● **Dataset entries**

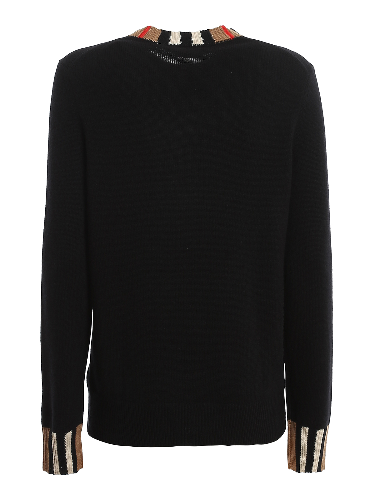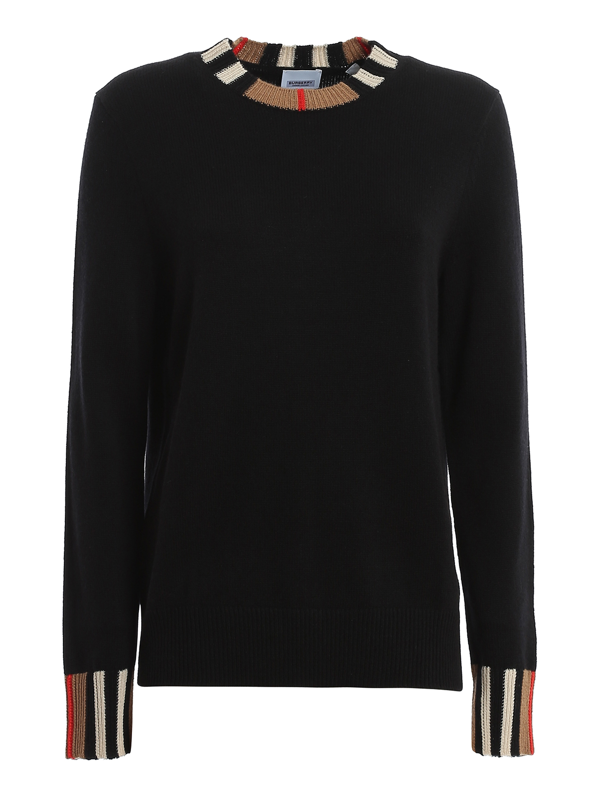 Cashmere crewneck sweater featuring contrasting striped edges.
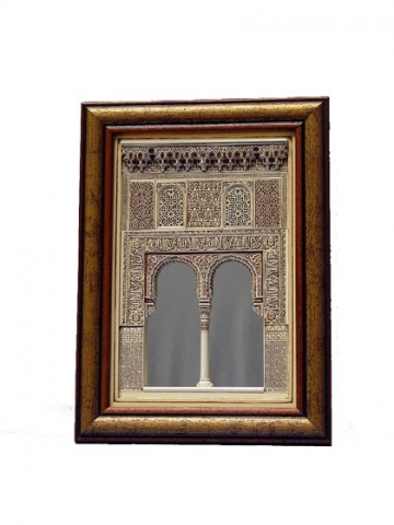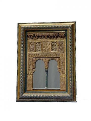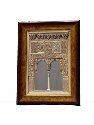Cuadro "Mocárabe " con fondo de espejo y moldura nogal con dorado 35*46 cm.
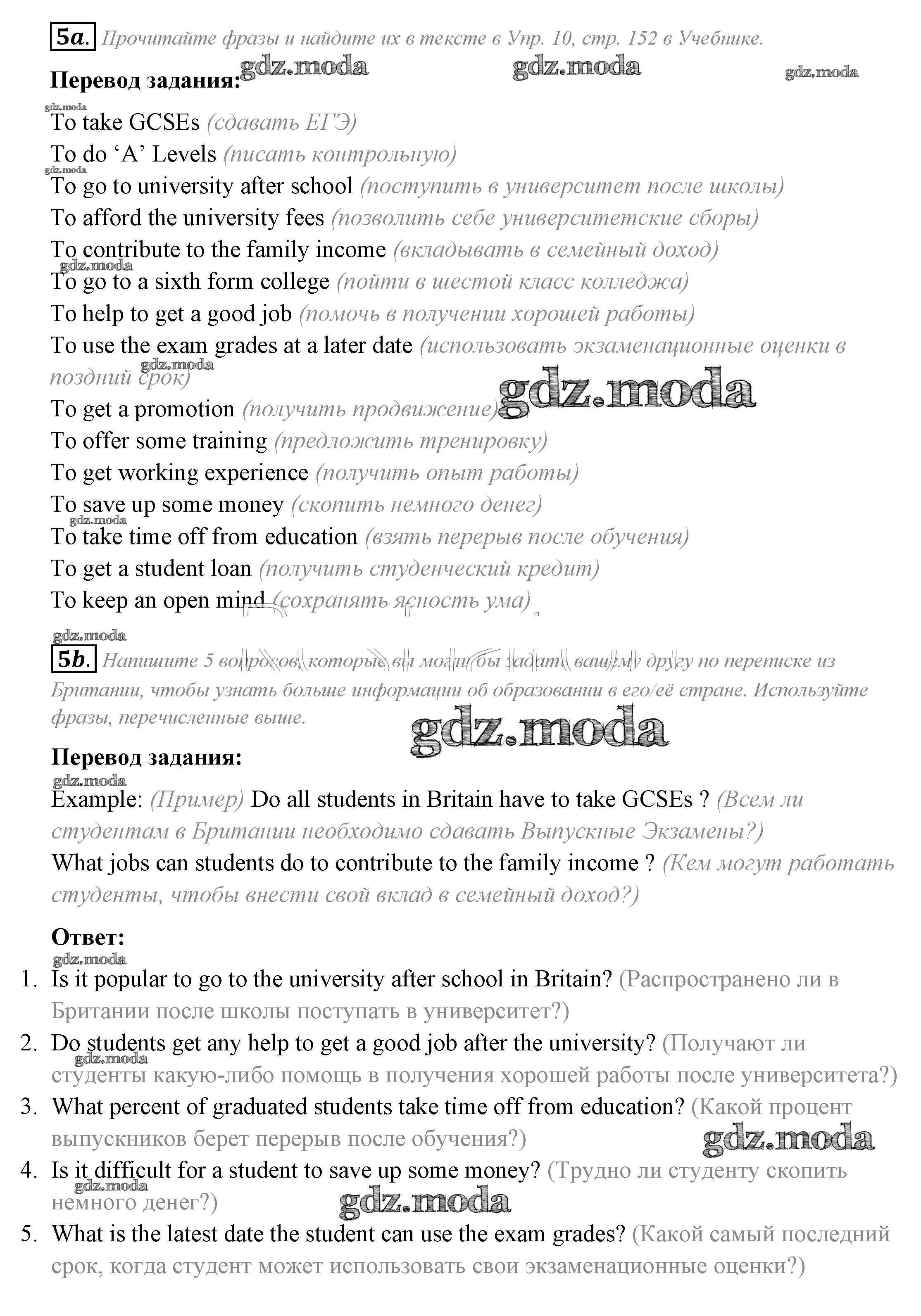 ОТВЕТ на задание № 5 Рабочая тетрадь по Английскому языку 9 класс Биболетова Enjoy English
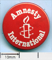 Scope and ContentTin badge with an image of a candle surrounded by barbed wire and the text: Amnesty International
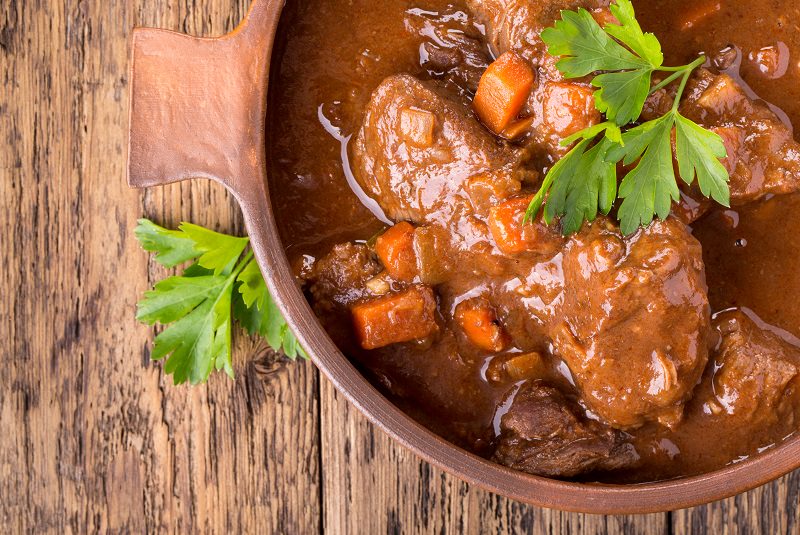 بوف بورگونیون (Boeuf bourguignon) غذای سنتی فرانسوی به حساب میآید و در سطح بین المللی شناخته شده است. منشاء آن همان منطقهای است که «کوک او ون» از آنجا میآید. این غذا، خوراکی تهیه شده از گوشت گاو پخته، آبگوشت گوشت گاوِ چاشنیدار شده با سیر، پیازهای مرواریدی، سبزیهای تازه و قارچ است. این دستور فقط یکی از نمونههای نحوهی تهیه این خوراک سنتی و روستایی است. زمان آمادهسازی سنتی بوف بورگونیون دو روز است تا گوشت، تُرد شده و خوراک، خوش طعمتر شود. این غذا در جشن ماه آگوست در Burgundy سرو میشود.
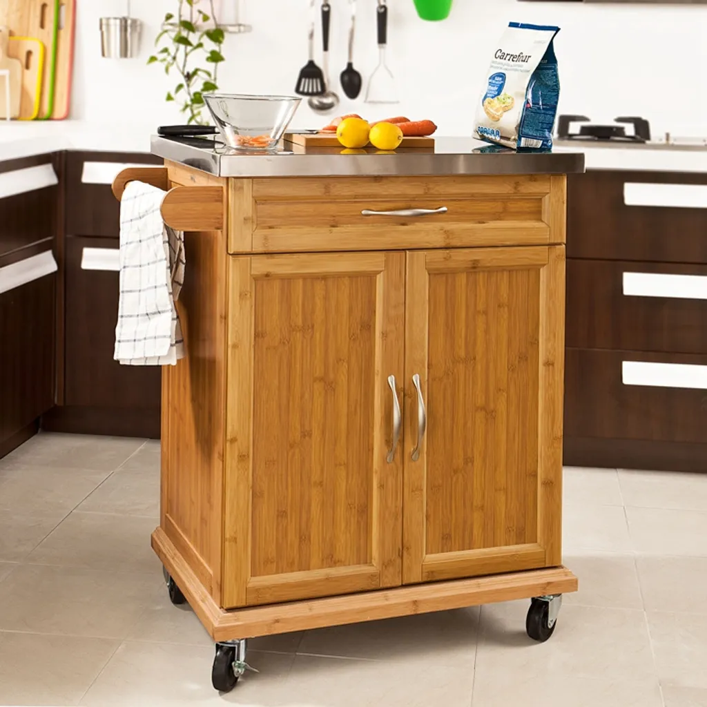 Ausgestattet ist dieser praktische Küchenwagen mit einer geschlossenen Schublade, einem geschlossenem Geschirrschrank indem Sie viele Utensilien verstauen können und einem Handtuchhalter.
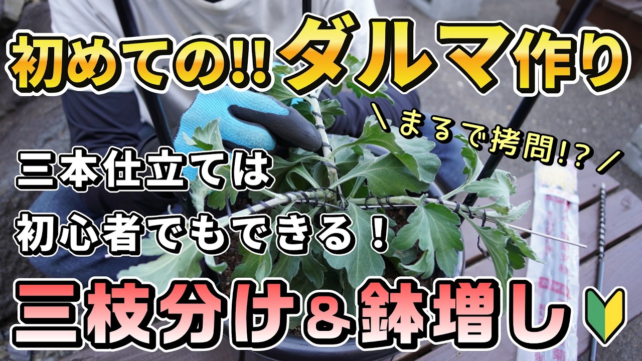 #菊作り #大菊 #ダルマ作り #三本仕立て #三枝分け #誘引 #鉢増し #突き固め植付法 #園芸 #ガーデニング
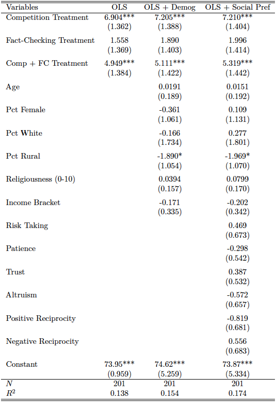 We ended up recruiting 201 subjects and found a that competition had a large effect on accuracy choice while fact-checking had only a marginal effect. Specifically, the effect size of the competition treatment had a power of 99.7 percent, while the effect size of the fact-checking treatment had a power of only 23.3 percent. For the competition plus fact-checking treatment, we got a power of 98.1 percent.
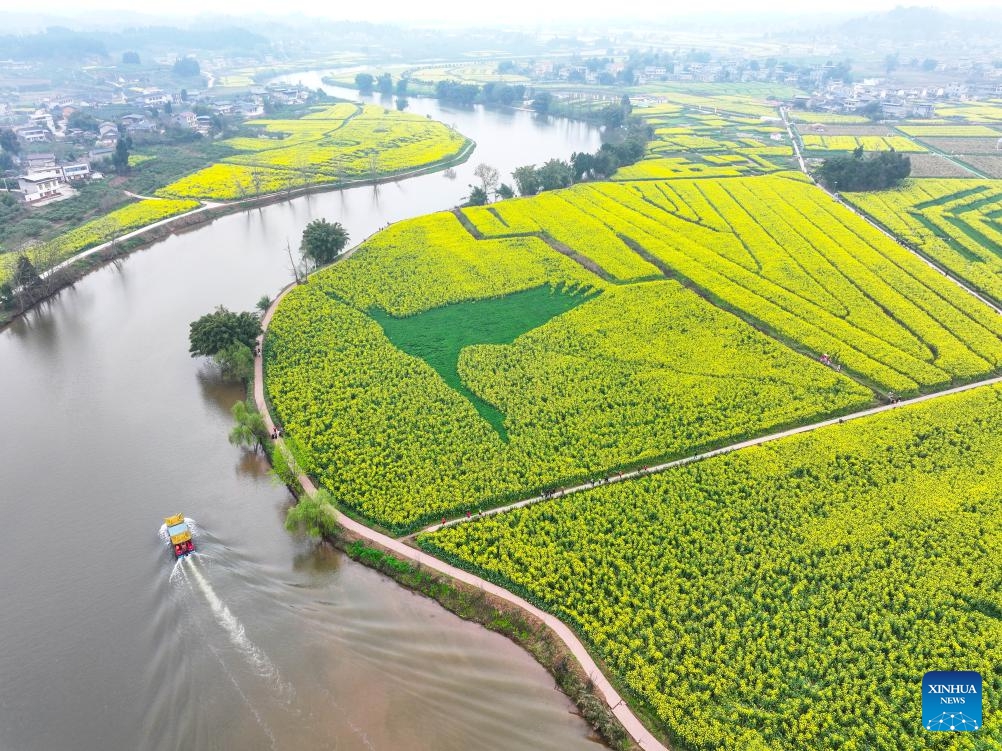 Touristen erfreuen sich an den Rapsblüten in Chongqing
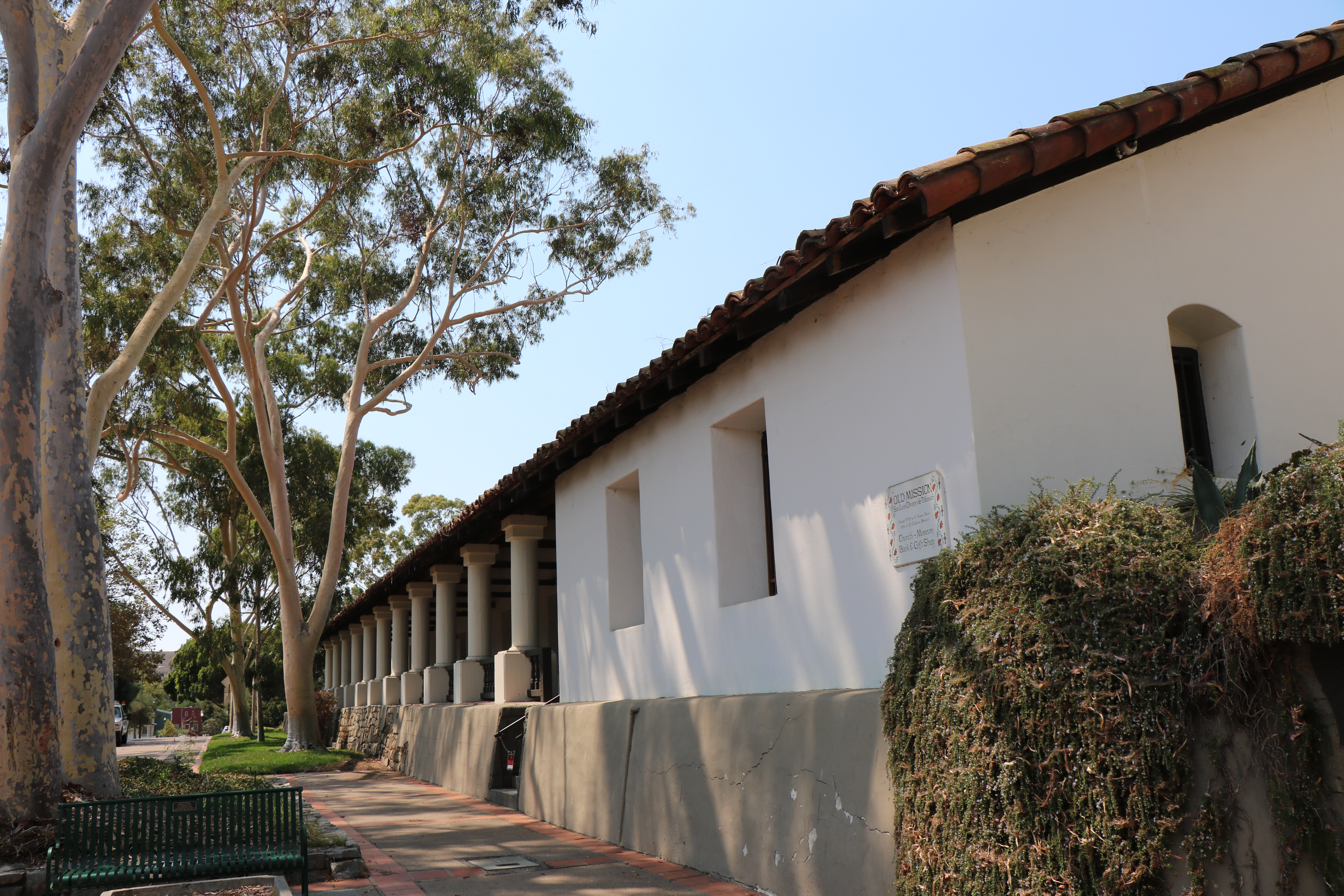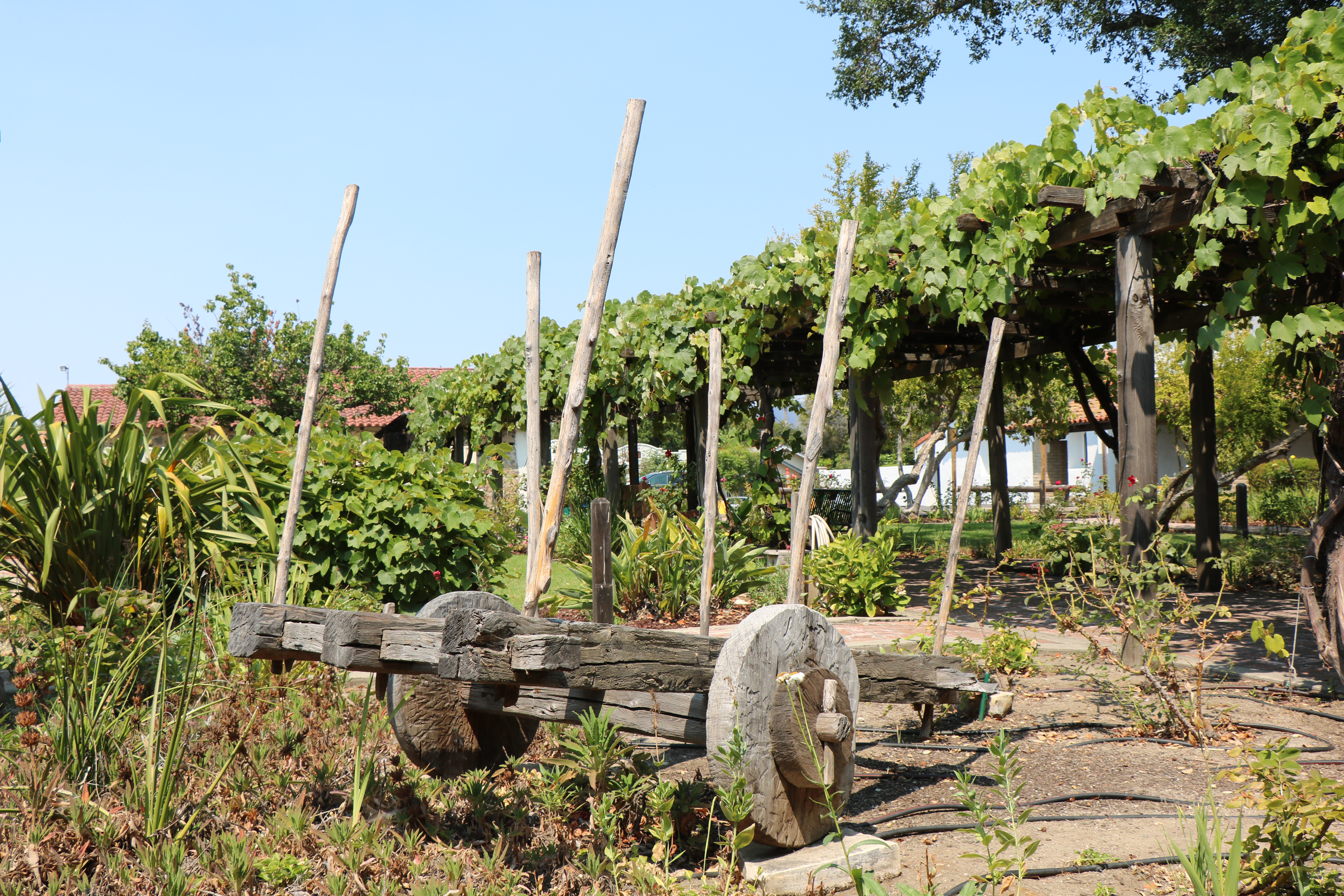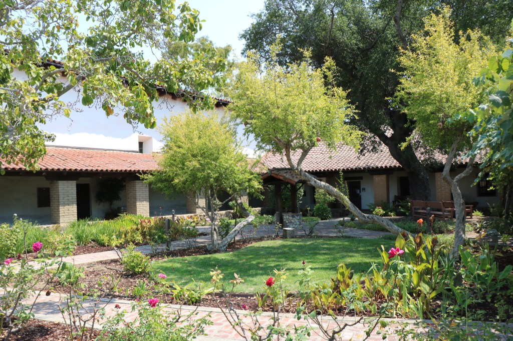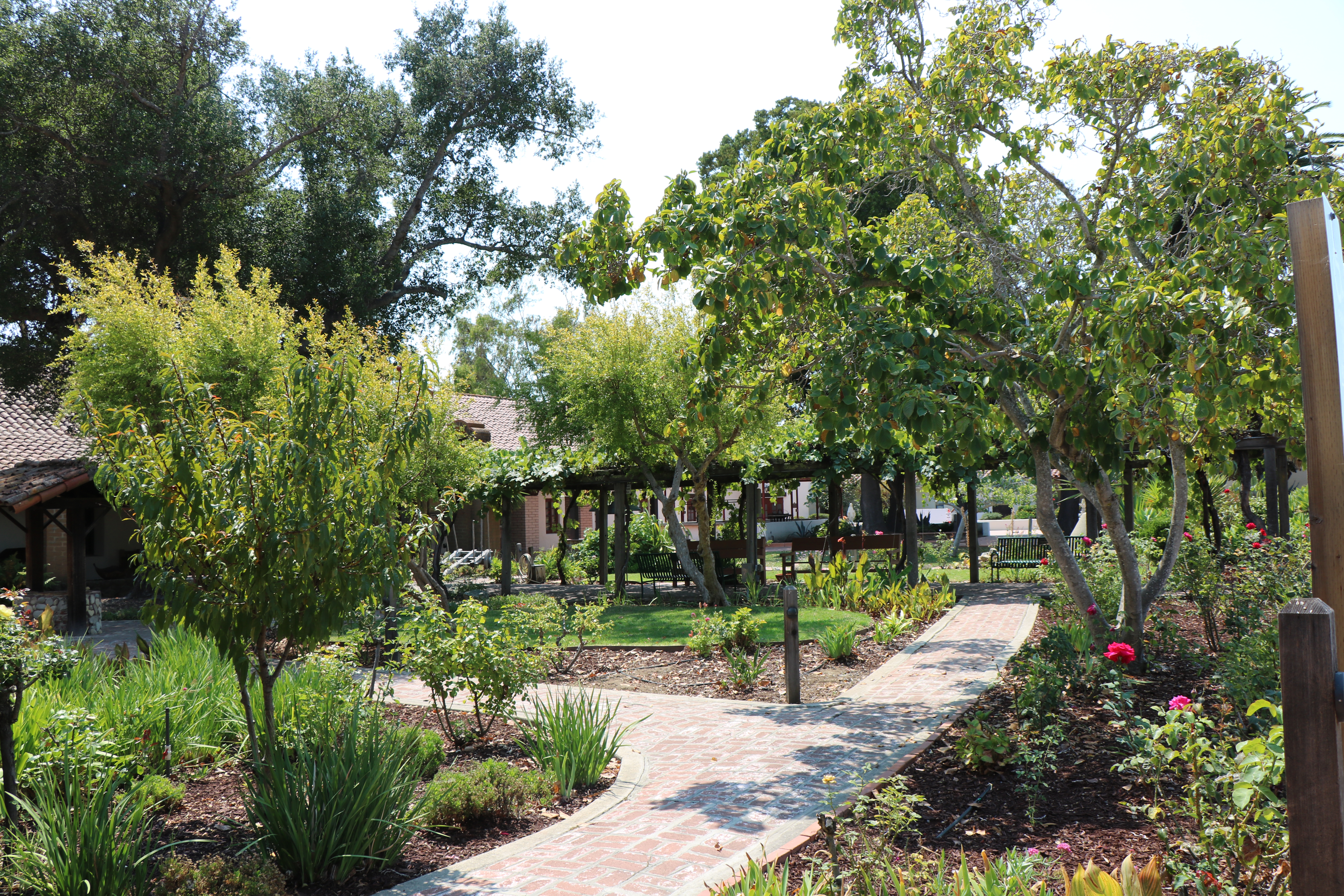 The mission garden is next to the museum and gift shop on one side, and the church on the other. Trees, roses and a variety of other plants line the path.

● **WHAT THE EXERCISE ASKS**
After dropping every picture, transcribe each entry exactly.

● **COMPLETED EXERCISE**
 Cashmere crewneck sweater featuring contrasting striped edges.
Cuadro "Mocárabe " con fondo de espejo y moldura nogal con dorado 35*46 cm.
 ОТВЕТ на задание № 5 Рабочая тетрадь по Английскому языку 9 класс Биболетова Enjoy English
 Scope and ContentTin badge with an image of a candle surrounded by barbed wire and the text: Amnesty International
 بوف بورگونیون (Boeuf bourguignon) غذای سنتی فرانسوی به حساب میآید و در سطح بین المللی شناخته شده است. منشاء آن همان منطقهای است که «کوک او ون» از آنجا میآید. این غذا، خوراکی تهیه شده از گوشت گاو پخته، آبگوشت گوشت گاوِ چاشنیدار شده با سیر، پیازهای مرواریدی، سبزیهای تازه و قارچ است. این دستور فقط یکی از نمونههای نحوهی تهیه این خوراک سنتی و روستایی است. زمان آمادهسازی سنتی بوف بورگونیون دو روز است تا گوشت، تُرد شده و خوراک، خوش طعمتر شود. این غذا در جشن ماه آگوست در Burgundy سرو میشود.
 Ausgestattet ist dieser praktische Küchenwagen mit einer geschlossenen Schublade, einem geschlossenem Geschirrschrank indem Sie viele Utensilien verstauen können und einem Handtuchhalter.
 #菊作り #大菊 #ダルマ作り #三本仕立て #三枝分け #誘引 #鉢増し #突き固め植付法 #園芸 #ガーデニング
 We ended up recruiting 201 subjects and found a that competition had a large effect on accuracy choice while fact-checking had only a marginal effect. Specifically, the effect size of the competition treatment had a power of 99.7 percent, while the effect size of the fact-checking treatment had a power of only 23.3 percent. For the competition plus fact-checking treatment, we got a power of 98.1 percent.
 Touristen erfreuen sich an den Rapsblüten in Chongqing
 The mission garden is next to the museum and gift shop on one side, and the church on the other. Trees, roses and a variety of other plants line the path.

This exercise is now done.